Most companies didn’t go remote this year. They went to Zoom jail.
I’ve been running Decloud as a remote-first company for a while now. When the pandemic hit, I watched every company around us scramble to “go remote” and immediately do it wrong. Their playbook was simple: take every in-person meeting, slap it on a video call, and declare victory. Then wonder why everyone is exhausted by 3pm.
That’s not remote work. That’s the office with worse lighting.
The point is async
Remote work’s real advantage isn’t location flexibility. It’s time flexibility. Your engineers can do deep work when their brain is on fire instead of when the calendar says so. But that only works if your default communication mode is async.
Async means I write something clear enough that you can read it, understand it, and act on it – without needing me online at the same time. That’s it. Not complicated in theory. Apparently very complicated in practice.
Why most teams get this wrong
Because writing is harder than talking. In a meeting, you can ramble for ten minutes and people nod along. In async, you actually have to think before you communicate. You have to structure your thoughts. You have to anticipate questions.
Most people have never been asked to do this at work. So they default to what’s easy: “Hey, got a minute for a quick call?”
No. I don’t. And neither does any engineer in the middle of debugging a production issue.
What actually works
At Decloud, we have a few rules that keep async working:
Write complete thoughts. Don’t send “hey” and wait. Don’t drip-feed context across fifteen messages. One message. Full context. Clear ask. Done.
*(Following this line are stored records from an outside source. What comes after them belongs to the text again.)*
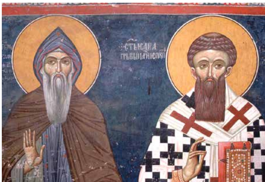
Сл. 22. Свети Симеон Српски и свети Сава Српски, Лесново
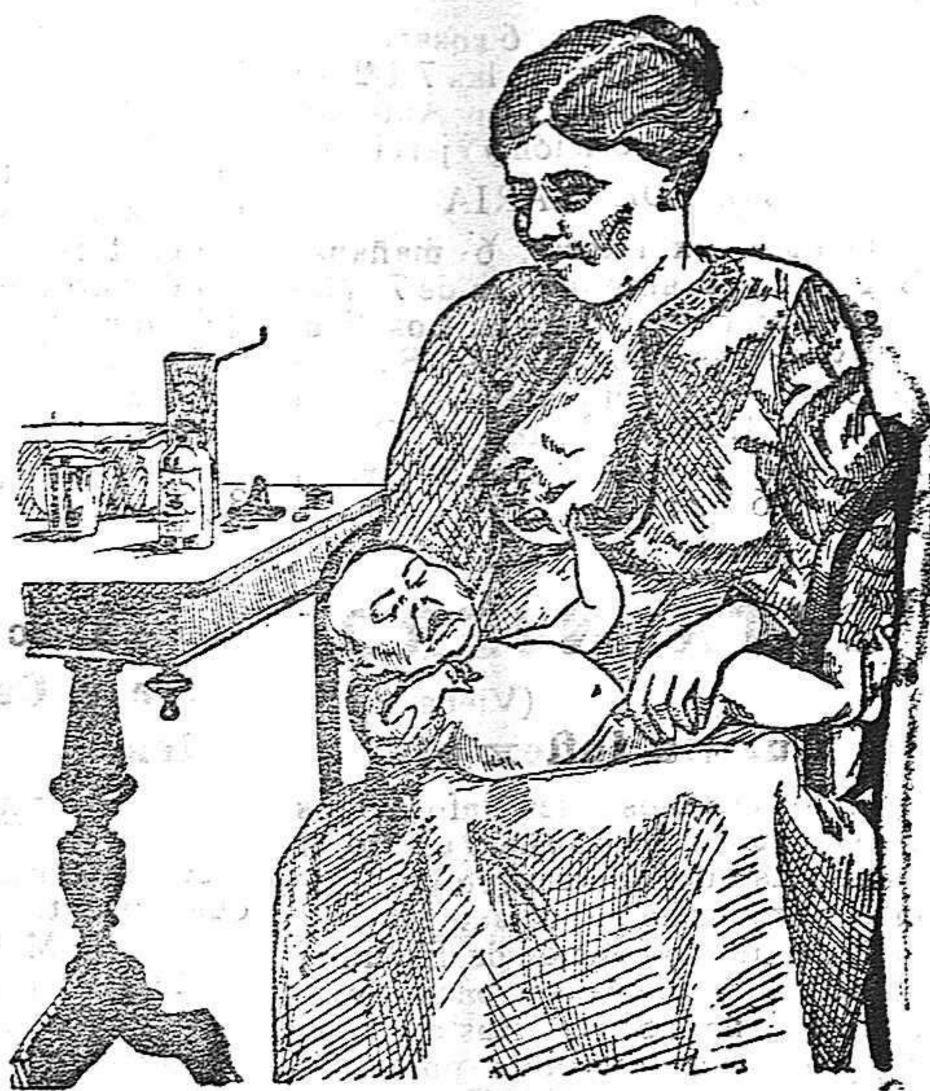
La que no hizo caso del Salverol
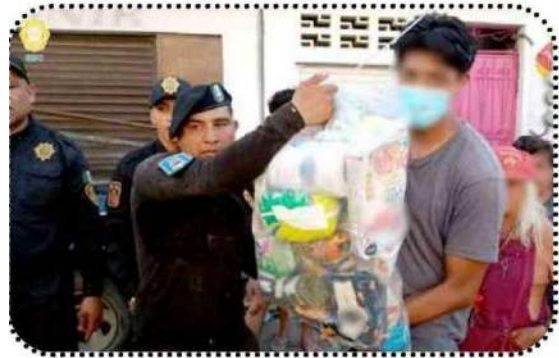
Mujeres, hombres y niños recibieron víveres y productos de higiene personal y limpieza
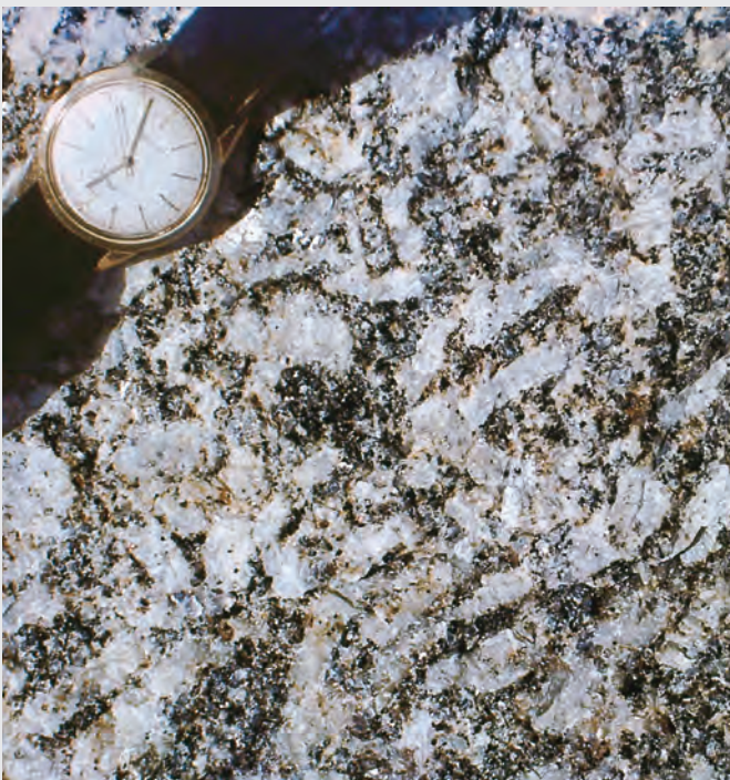
Abb. 11: Grobkörniger Dreisesselgranit.
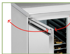
Self-closing doors with automatic hold-open at 100°
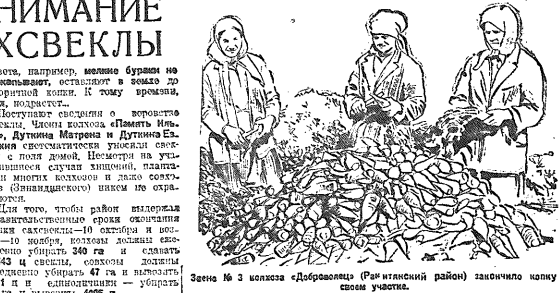
Земляки № 3 колхоза «Доброделье» (Рязанский район) заготавливают сахарную свеклу.

В Рязанском районе сахарозаводы вынуждены два месяца в неделю не получать в полном объеме сырье. В настоящее время в Рязанском районе сахарозаводы получают в среднем 1,5 тонны сырья в сутки. Этого количества недостаточно для полного обеспечения сахарозаводов сырьем. В настоящее время в Рязанском районе сахарозаводы получают в среднем 1,5 тонны сырья в сутки. Этого количества недостаточно для полного обеспечения сахарозаводов сырьем.
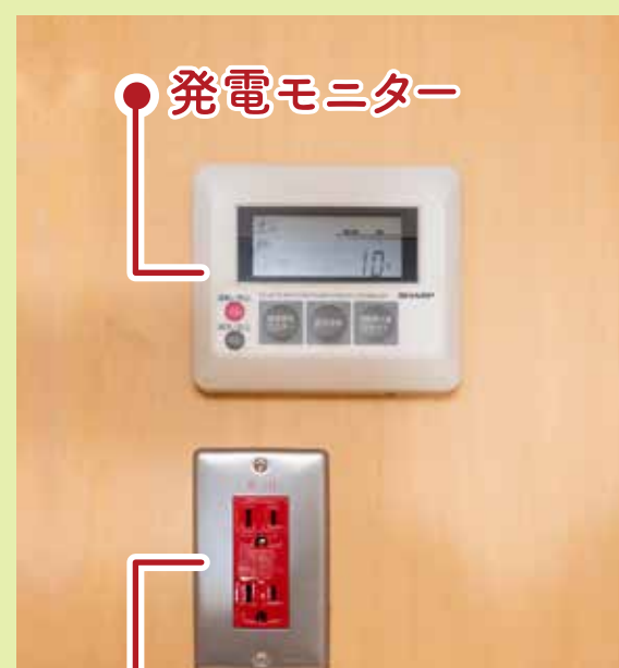
写真左 / ポータブル蓄電池を説明してくださったSさん。サイズもちょうどよく、機能的なそうです。写真右 / 太陽光パネルの発電量をリアルタイムで表示するモニターと、太陽光パネルと繋がり、停電時でも電力を供給できる非常用コンセント
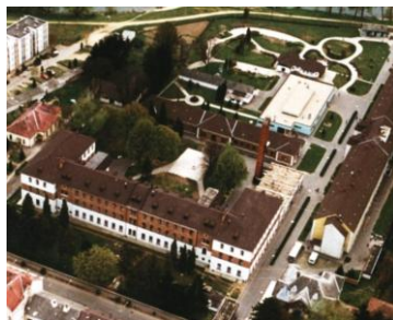
Szentgotthárdi Szakosított Otthon 9970 Szentgotthárd, Hunyadi út 29.
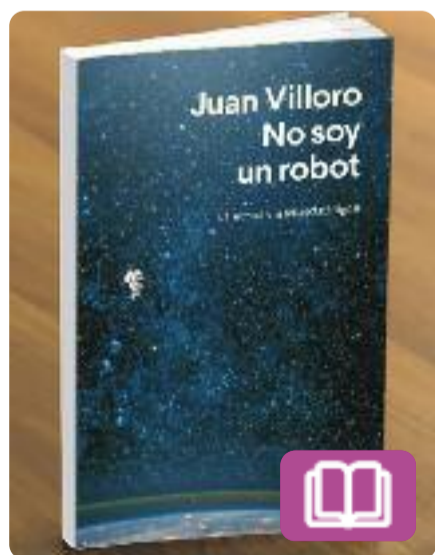
No soc un robot Juan Villoro

Aquesta obra reflexiona sobre com el món digital transforma les nostres vides i la nostra relació amb la lectura. En forma d'assaig, intenta respondre diverses preguntes que tenen a veure amb com influeix la tecnologia en la percepció de la realitat o quin és el lloc en el qual deixa un format d'entreteniment tan important com la literatura.
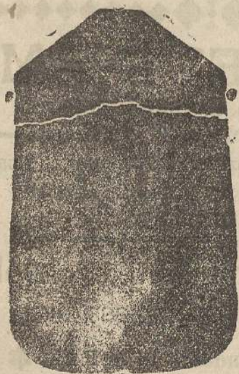
Pianeta seta L. 24
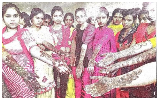
तोशाम। मेहंदी प्रतियोगिता में भाग लेती छात्राएं और बवानीखेड़ा राजकीय महिला महाविद्यालय में मेहन्दी प्रा
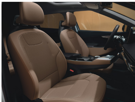
EARTH Vegánbőr ülésárpit (Lattebarna - CRJ)
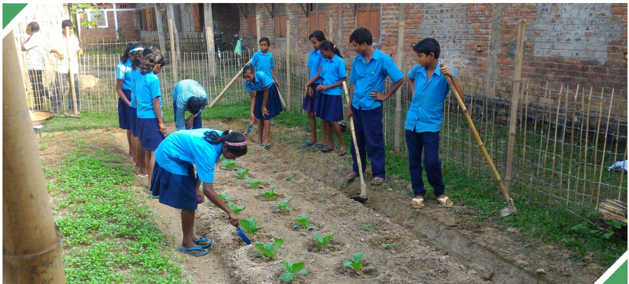
മോഹനത്തിന്റെ ഹൈസ്കൂൾ വിദ്യാർത്ഥികൾ തോട്ടം പരിചരണത്തിൽ
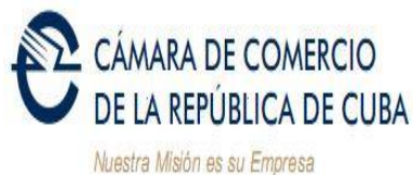
Delegación de la Cámara de Comercio Santiago de Cuba
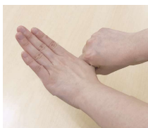
⑦親指を反対の手でねじるように消毒
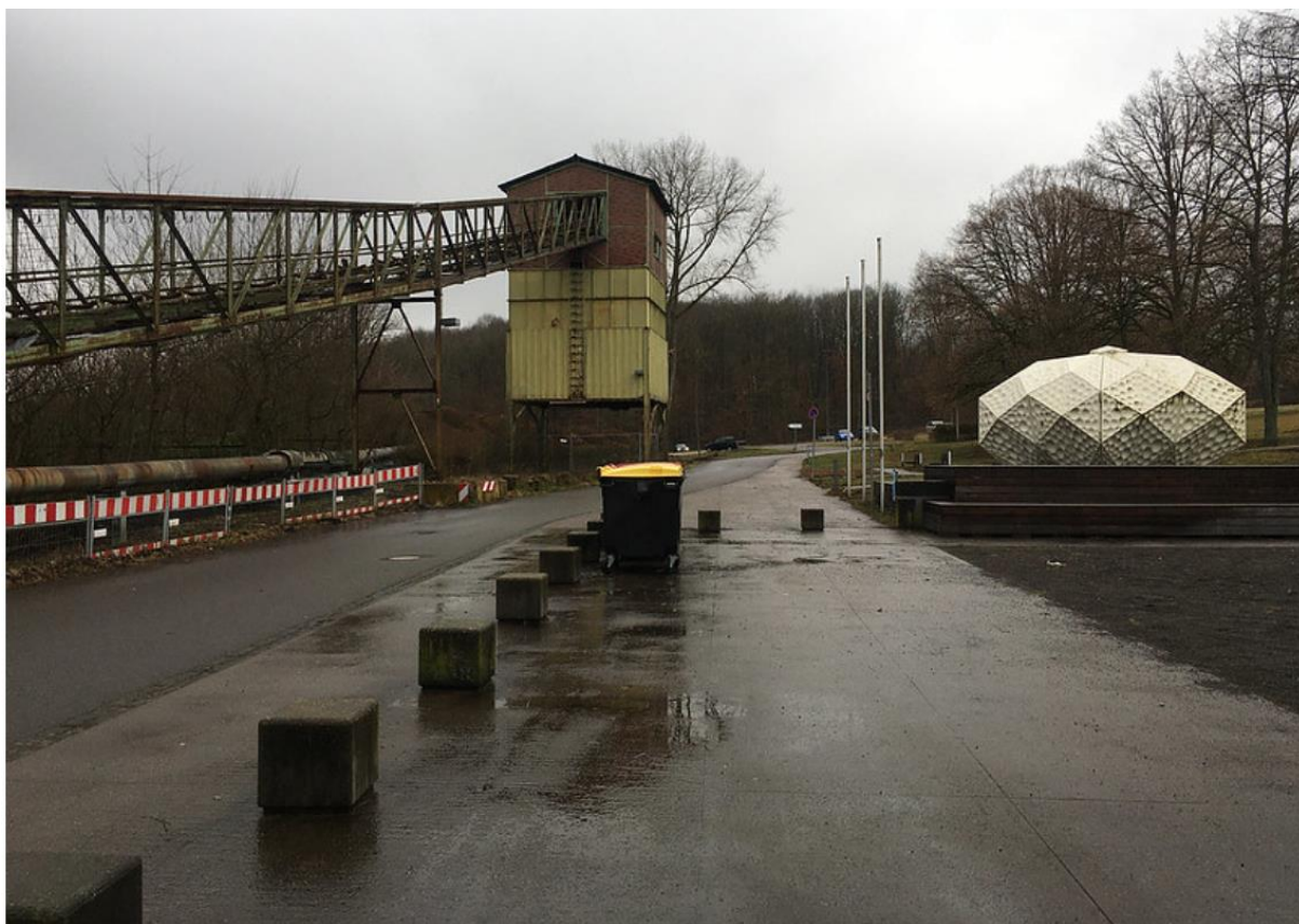
vue sur le campus et les environs depuis la cantine
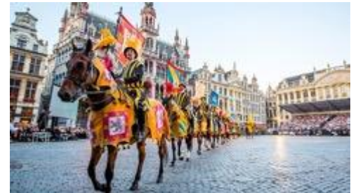
Itinerario di Carlo V
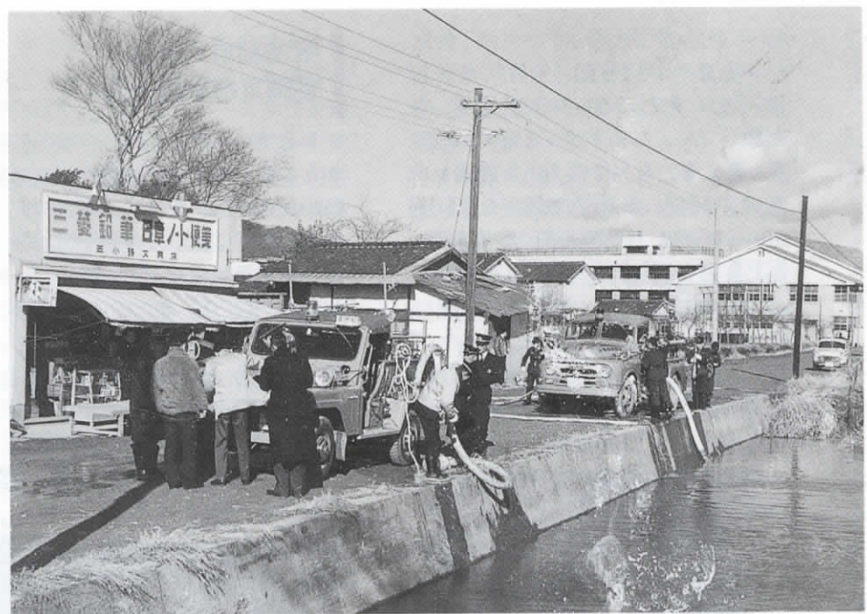
▲昭和30年代中ごろ撮影。当時、長岡中学校の前には どの 澱ヶ池と小池があり、その水を使って出初め式が行われていました。現在は、小池を少し残すだけで図書館や中央公民館などが並ぶ文化センターになっています。
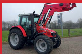
Massey Ferguson 5450 met Trima voorlader 4wd, 105 pk, Dyna-4 transmissie
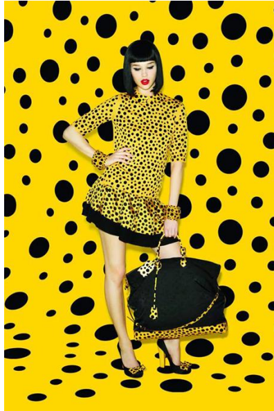
Resim 11: Yayoi Kusama-Louis Vuitton Koleksiyonu, 2012.

2012 yılında sanatçı, Louis Vuitton'un en büyüleyici koleksiyonlarından birini tasarladı. Japon efsanesinin, saplantı ve ciddiyet mesajları yansıtan giysi ve aksesuar koleksiyonu sunulmadan önce dünya çapındaki tüm mağazalar ikonik bir dönüşüm geçirdi ( https://www.dazeddigital.com/fashion/article/35567/1/louis-vuitton-art-collaborations-yayoi-kusama-richard-prince-cindy-sherman ).
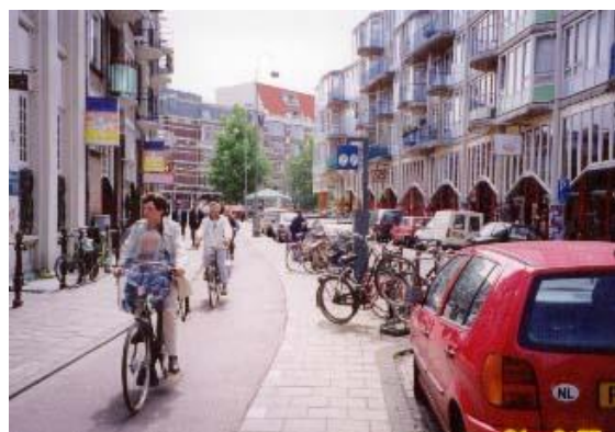
アムステルダムの自転車専用レーン

これまでの日本は、車優先の社会システムが繁栄をもたらしてくれた。しかし、これからは環境を犠牲にした繁栄よりも、人にも環境にも優しい交通システムが求められる。自転車をクリーンビークルとして優れた乗物として認め、邪魔者としてではなく新都心の新しいモビリティとして、安全に利用できるシステムを築いていく必要

Decisions go in writing. If it happened in a call and nobody wrote it down, it didn’t happen. We write short decision docs – what we decided, why, what we considered and rejected. Takes five minutes. Saves weeks of “wait, I thought we agreed to…”
Response times are explicit. Chat gets same-day responses. PR reviews within 24 hours. Decision docs get a couple of days. On-call stuff is immediate. No ambiguity.
Meetings are the exception. We use sync time for things that are genuinely hard to resolve in text – conflict, brainstorming, incident response. Not for status updates. Never for status updates. Write those down and give people their mornings back.
The hard part
Async requires trust. You have to trust that someone not responding immediately is working, not slacking. You have to judge people by what they ship, not by their green dot in Slack.
Most managers aren’t ready for that. They’ve spent their careers managing by presence. Seeing butts in seats. Remote forces a reckoning with that, and a lot of them are responding by demanding cameras-on all day. Which is somehow worse than the office.
If you’re a leader and your reaction to remote work was “more meetings,” you missed the point entirely. The unlock is fewer interruptions, better writing, and trusting your team to be adults.
Stop recreating the office on Zoom. Start writing things down.